Setelah pandemi resmi dicabut dan aktivitas ekonomi kembali normal, perusahaan berharap dapat bangkit perlahan.
Namun harapan tersebut kembali terpukul oleh derasnya barang impor dan melemahnya industri konveksi dalam negeri.
Banyak pelanggan lama Mayer Indah Indonesia, khususnya konveksi di kawasan Tanah Abang, terpaksa memulangkan penjahitnya ke kampung karena tidak mampu bersaing harga.
Di tengah upaya pemulihan, Melisa sempat melihat "angin segar" ketika pemerintah mengumumkan penyaluran dana Rp 200 triliun ke sektor perbankan. Namun realitanya, akses ke perbankan justru tertutup rapat.
"Sejak awal September sampai sekarang sudah lebih dari 20 bank saya datangin. Termasuk bank Himbara yang di pak Menteri bilang kan salurkan dananya. Semua bilang, semua menolak intinya karena industrin tekstil itu di lampu oren atau lampu merah," katanya.
Bahkan bank rekanan yang telah bekerja sama lebih dari 15 tahun pun mengambil sikap serupa.
Menurut Melisa, bank menyebut industri tekstil sudah terlalu "bleeding" sehingga tidak lagi layak dibiayai.

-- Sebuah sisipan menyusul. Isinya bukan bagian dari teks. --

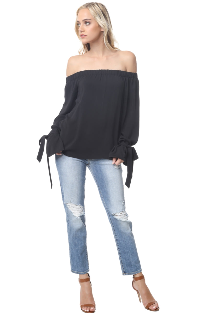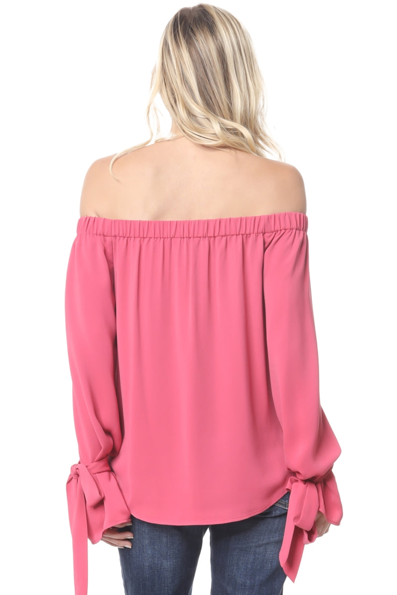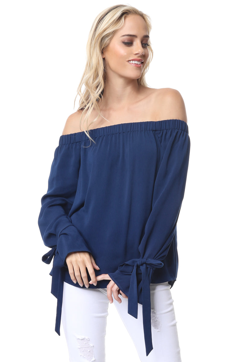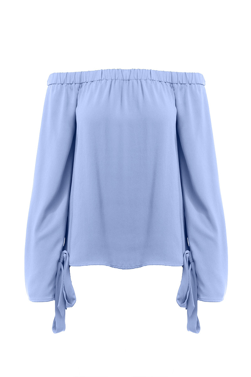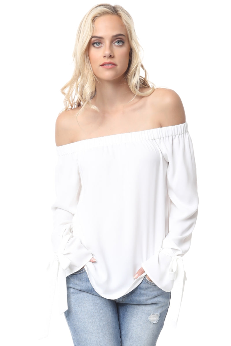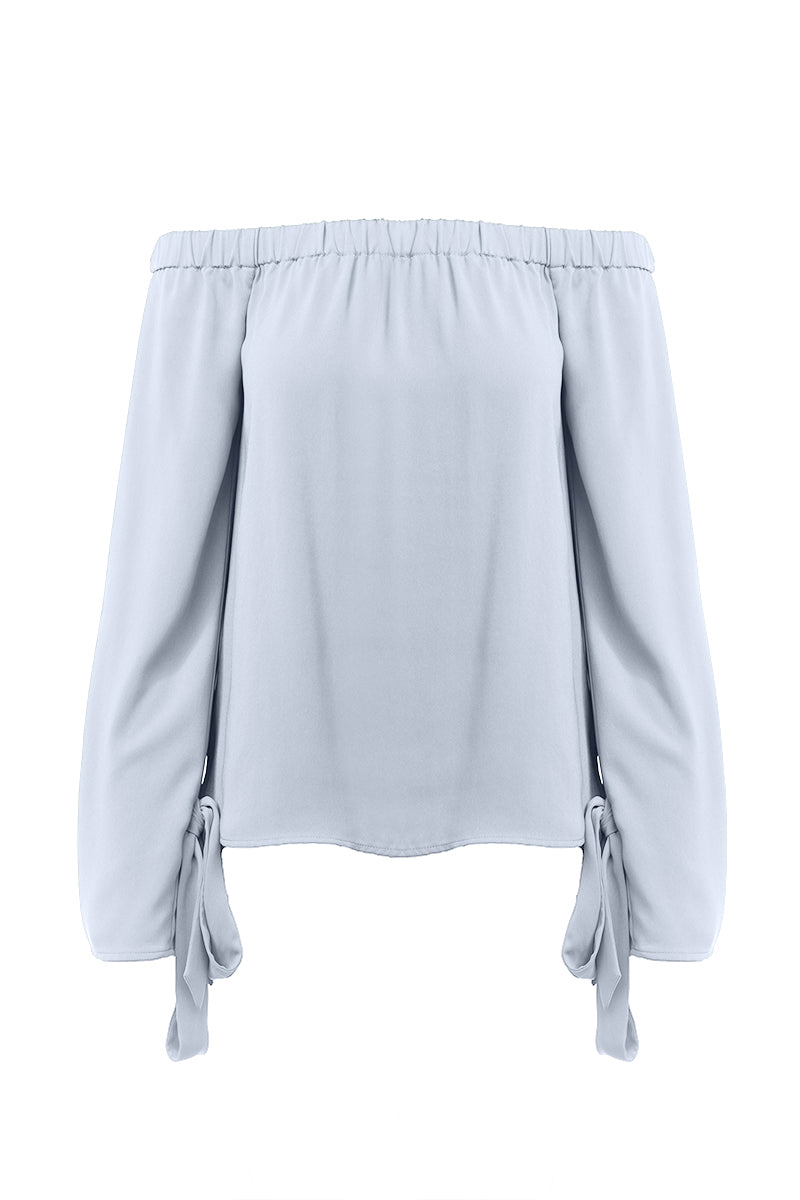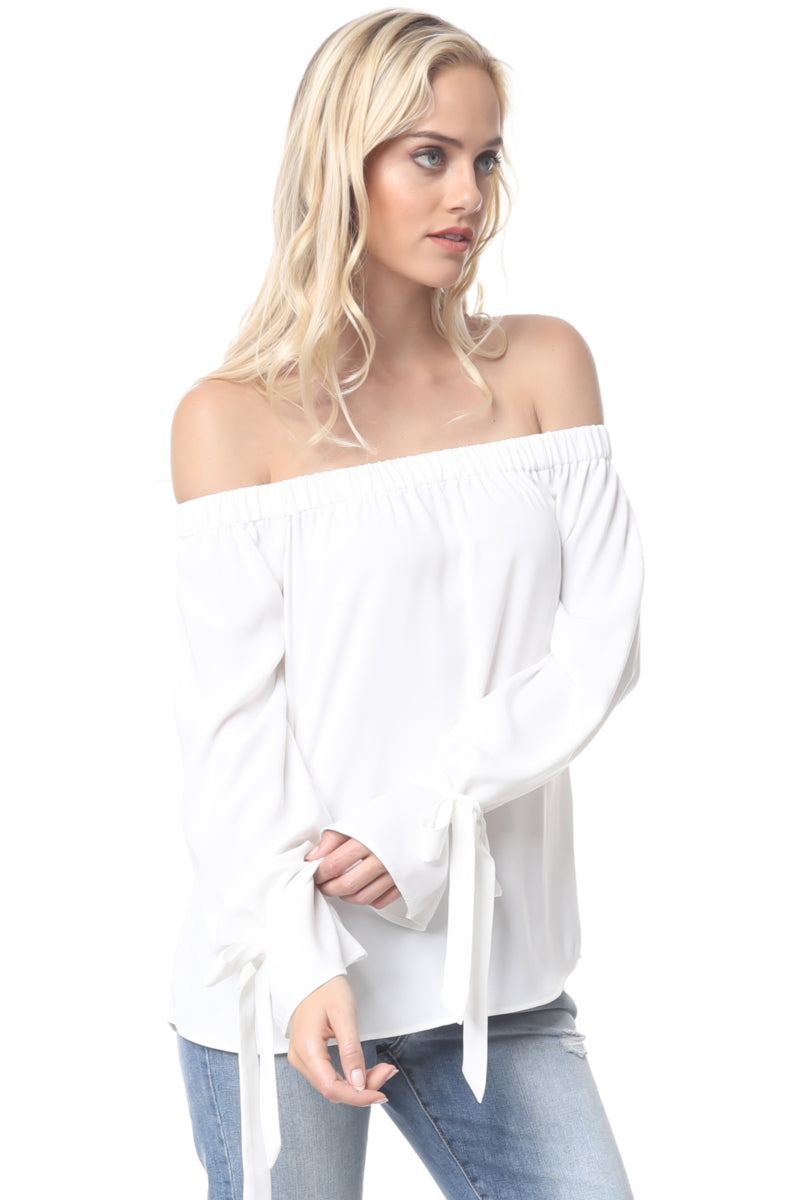 Off Ruffle Shoulder Blouse With Tie Sleeve
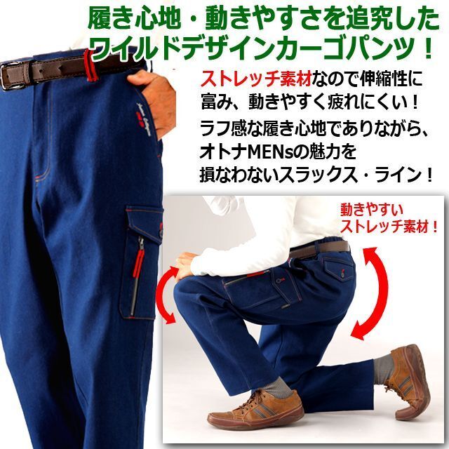 aa00011-1-nb409 ウエスト82-90 股下65cm FRANCO COLLEZIONI 7ポケットストレッチ素材デニム刺繍入りカーゴパンツ
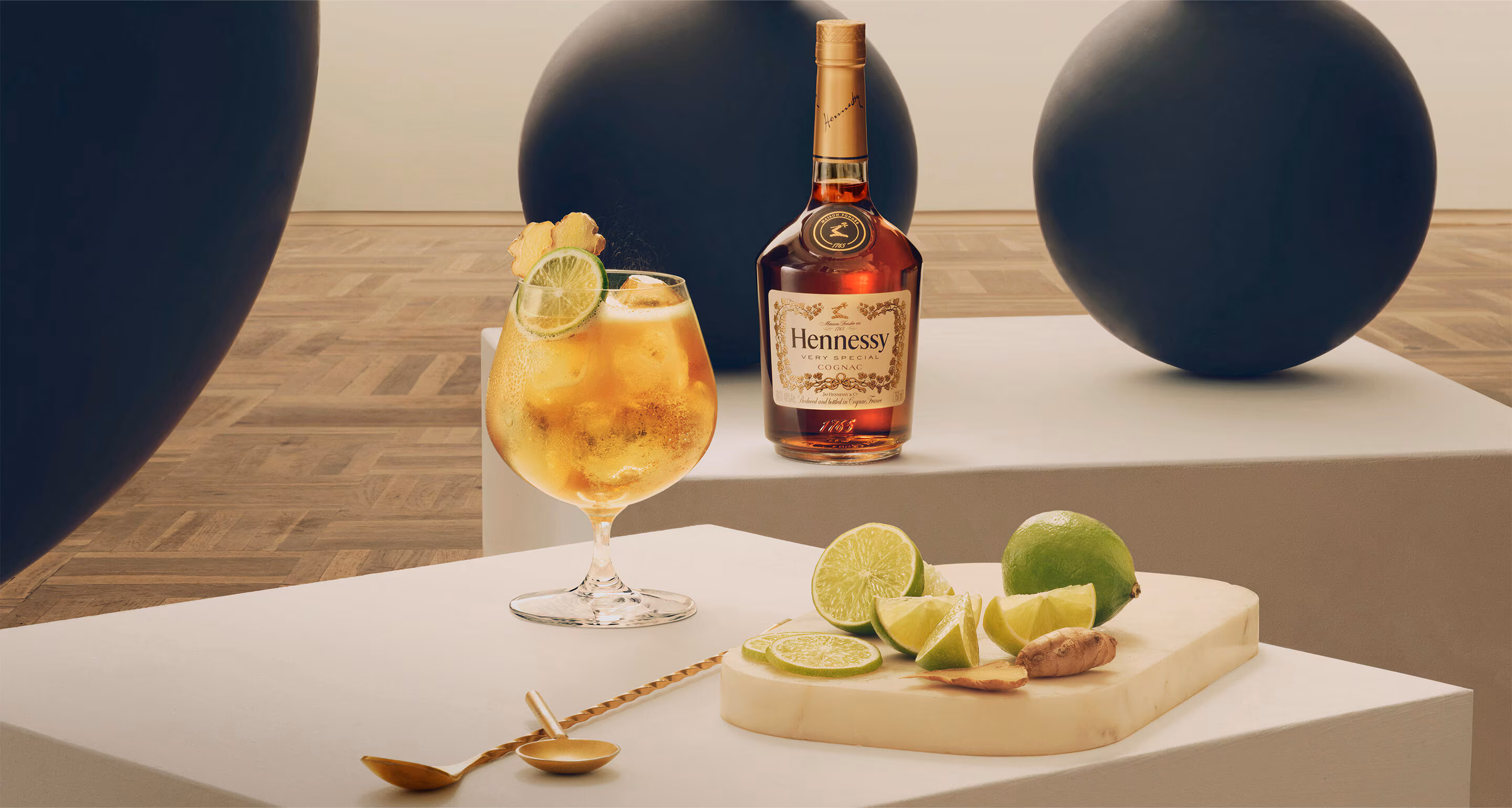 Mix 1.5 oz Hennessy Very Special with 4 oz ginger beer in a rocks glass filled with ice. Garnish with a lime wedge and fresh ginger slice.

Padahal, ia menegaskan perusahaannya bukan tidak memiliki pasar.
Sekitar 80% penjualan masih berasal dari pasar domestik dan 20% ekspor, meski kinerja ekspor terus tertekan akibat perang global yang mendorong biaya kontainer melonjak tajam.
Baca Juga: Ketum Kadin Bertemu Menkeu Bahas Industri Baja, Alas Kaki, Hingga Tekstil
Menjelang Lebaran, tanda-tanda pemulihan sebenarnya mulai terlihat. Konveksi-konveksi yang sebelumnya menghentikan produksi kini mulai memanggil kembali para penjahit karena pesanan kembali masuk.
Namun keterbatasan modal membuat pabrik tidak mampu memenuhi permintaan tersebut.
"Kami cuma bisa beli benang 30% atau 40% dari total order. Jadi ini adalah suatu masalah, karena cepat atau lambat kami mesti udahan kalau seperti ini terus keadaannya," cerita dia.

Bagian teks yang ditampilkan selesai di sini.